In BPJ 24 (Nov, 2009) we reported that oxycodone use in New Zealand
had been steadily rising. Latest pharmaceutical dispensing data suggest that oxycodone prescriptions are still rapidly
increasing, and now exceed morphine, which is the preferred first-line option for severe pain (Figure 1). This is a serious
concern given the significant problems with oxycodone misuse now being experienced in other countries.
Oxycodone is often commenced in secondary care and continued once patients are discharged. Prescribers must ensure that
oxycodone use is appropriate and justified and that they are not inadvertently worsening misuse and addiction problems
in the community.
Oxycodone is a strong opioid for severe pain
From its name, oxycodone is often perceived as being similar to codeine, an opioid for mild to moderate pain, but in
fact oxycodone is an opioid for severe pain, like morphine. Strong opioids are positioned at step three on the WHO analgesic
ladder (Figure 2) and they are indicated in moderate to severe pain.
Figure 2: WHO analgesic ladder
Use oxycodone only when morphine is not tolerated
If a patient requires a medicine at step three on the analgesic ladder, morphine is the first-line treatment.
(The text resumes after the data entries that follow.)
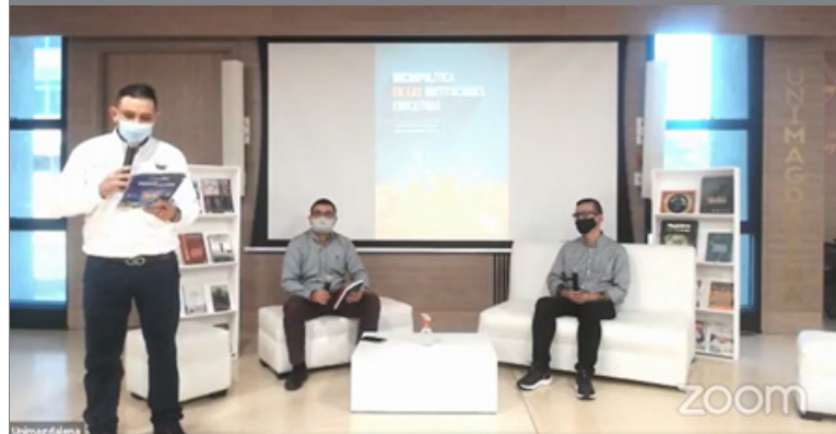
Lanzamiento del libro desde el auditorio Playa Grande del edificio Mar Caribe de la Universidad del Magdalena, en el marco de la 2.ª versión de la Feria Internacional del Libro de Santa Marta – FilSMar 2020 / 1.ª Edición Virtual.
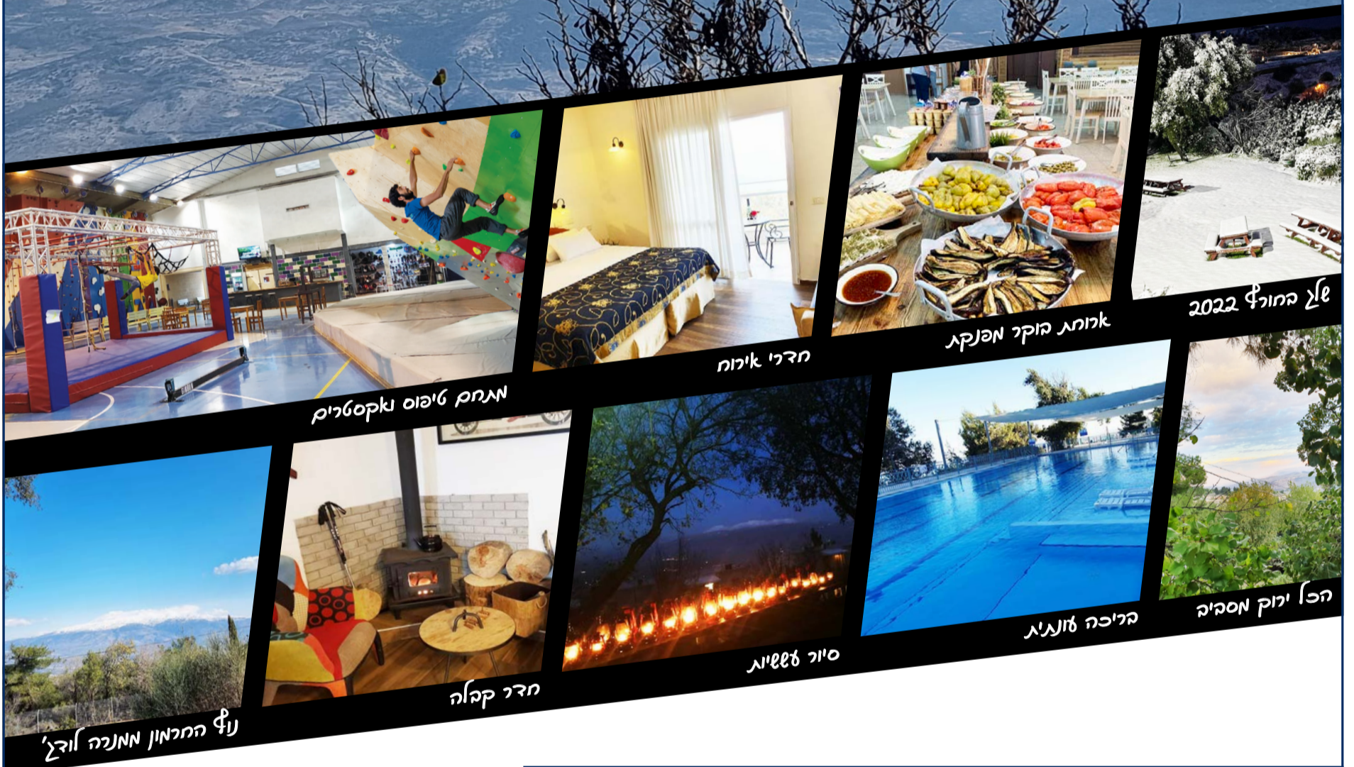
מתחם טיפוס ואקסטרים
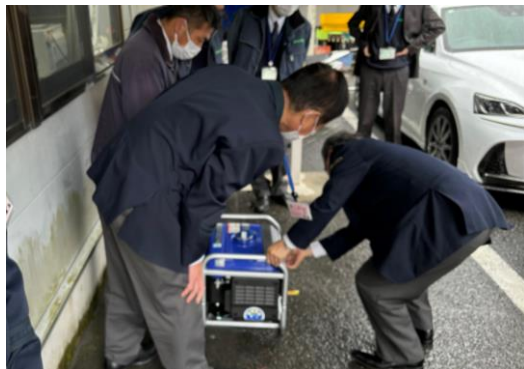
発電機を使用している訓練の様子
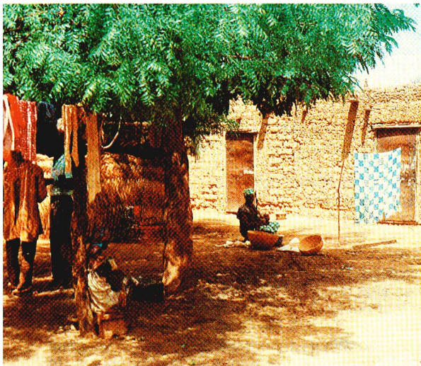
La cour, centre de la vie familiale des Diarra. A l'arrière-plan, leur habitation.

saison des pluies, qui cette année commençait à se manifester par l'apparition de bourgeons, les pluies sont abondantes, survivre en ne comptant que sur ses propres forces devient possible. Mais si les pluies sont rares, comme les habitants de Kayo l'ont déjà vécu deux fois ces dix dernières années, les jeunes pousses de mil sont détruites, et les prix des denrées sur le marché augmentent. Tous les efforts, tout le labeur ne suffiront pas à nourrir une famille.
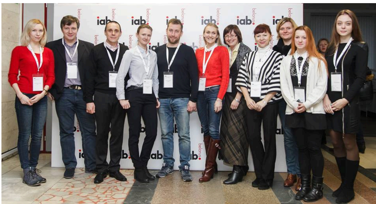
Преподаватели и студенты ФМк также посетили конференцию
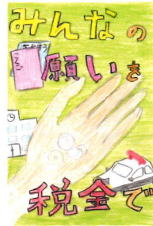
永平寺町長賞 川端 詩乃
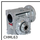
CHML63 Riduttore a ruota e vite senza fine, fino a 138 Nm - Con limitatore ...
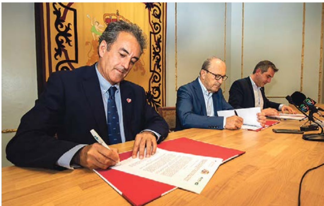
Momento de la firma del convenio que recoge la cesión del espacio de dominio público portuario.

explicado que CANTUR se hará cargo de la gestión de las visitas contratando el personal que se encargará de revisar las reservas en el acceso al faro y de velar por su cumplimiento.

Oxycodone
has no better analgesic efficacy than morphine but is significantly more expensive. Total expenditure on oxycodone increased
by more than $1 million in 2010 (from $4,043,812 in 2009 to $5,167,500 in 2010). Morphine
expenditure remained fairly stable increasing from $3,075,217 in 2009 to $3,235,862 in 2010.*
Oxycodone should only be considered for moderate to severe pain if morphine is not tolerated or not suitable. Like morphine,
oxycodone has active metabolites that accumulate in renal impairment. It should therefore be used with caution in patients
with renal impairment, or a renal safer opioid such as fentanyl or methadone should be considered instead.1
Fentanyl patches can be considered for people with moderate to severe chronic pain and stable opioid requirements, who
experience intolerable adverse effects to morphine, or are unable to take oral medication. Care must be taken in selecting
the appropriate dose when converting from oral opioids. Seek advice if uncertain.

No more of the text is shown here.